### AIM OF THE EXERCISE
Look through the data below for the line with "drop down menu" and the line with "O Leilão Solidário, realizado", then transcribe exactly from the first through the second, leaving out all pictures.

### DATASET CONTENT
--

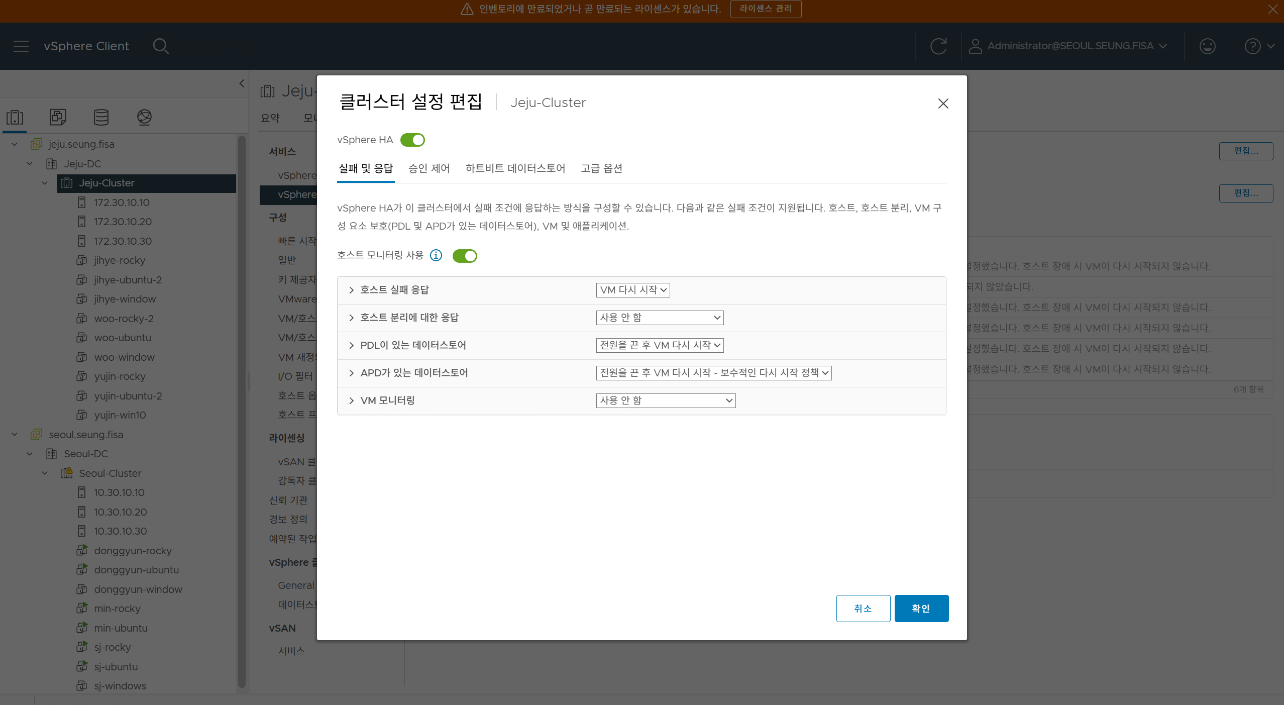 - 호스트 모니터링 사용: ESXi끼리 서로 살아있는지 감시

--

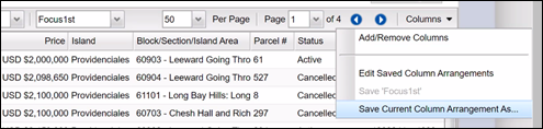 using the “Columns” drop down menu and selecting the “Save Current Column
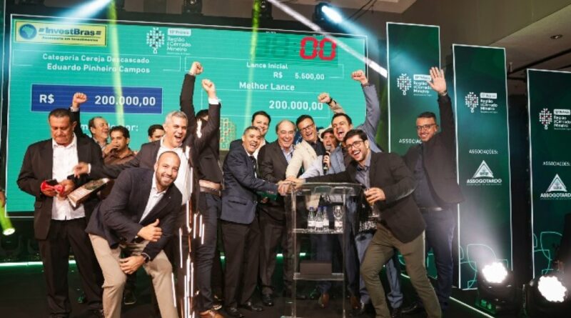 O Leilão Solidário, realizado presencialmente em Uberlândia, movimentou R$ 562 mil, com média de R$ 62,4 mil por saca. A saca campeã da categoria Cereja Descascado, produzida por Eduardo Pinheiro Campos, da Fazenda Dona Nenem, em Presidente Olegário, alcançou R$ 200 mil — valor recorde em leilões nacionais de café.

--

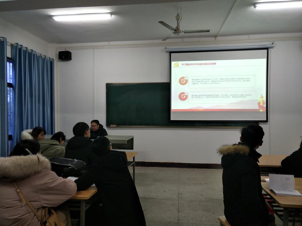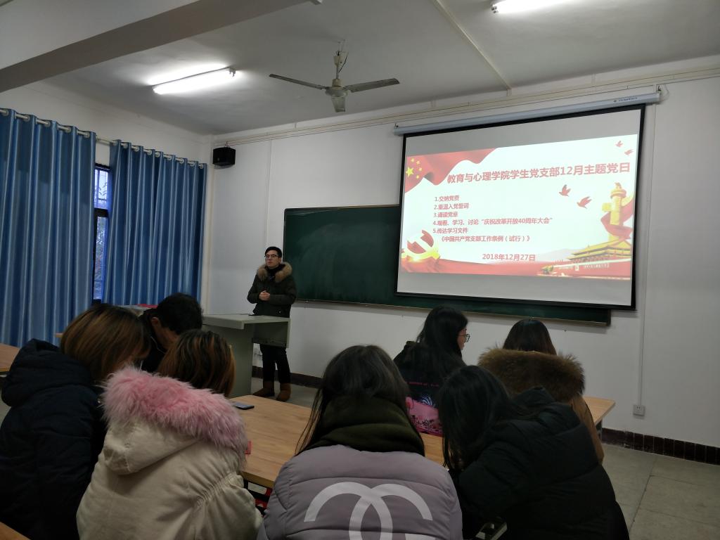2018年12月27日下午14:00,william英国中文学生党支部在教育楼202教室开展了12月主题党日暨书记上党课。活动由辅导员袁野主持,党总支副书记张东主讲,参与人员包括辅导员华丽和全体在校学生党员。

--

### OUTPUT FOR THIS EXERCISE
 using the “Columns” drop down menu and selecting the “Save Current Column
 O Leilão Solidário, realizado presencialmente em Uberlândia, movimentou R$ 562 mil, com média de R$ 62,4 mil por saca. A saca campeã da categoria Cereja Descascado, produzida por Eduardo Pinheiro Campos, da Fazenda Dona Nenem, em Presidente Olegário, alcançou R$ 200 mil — valor recorde em leilões nacionais de café.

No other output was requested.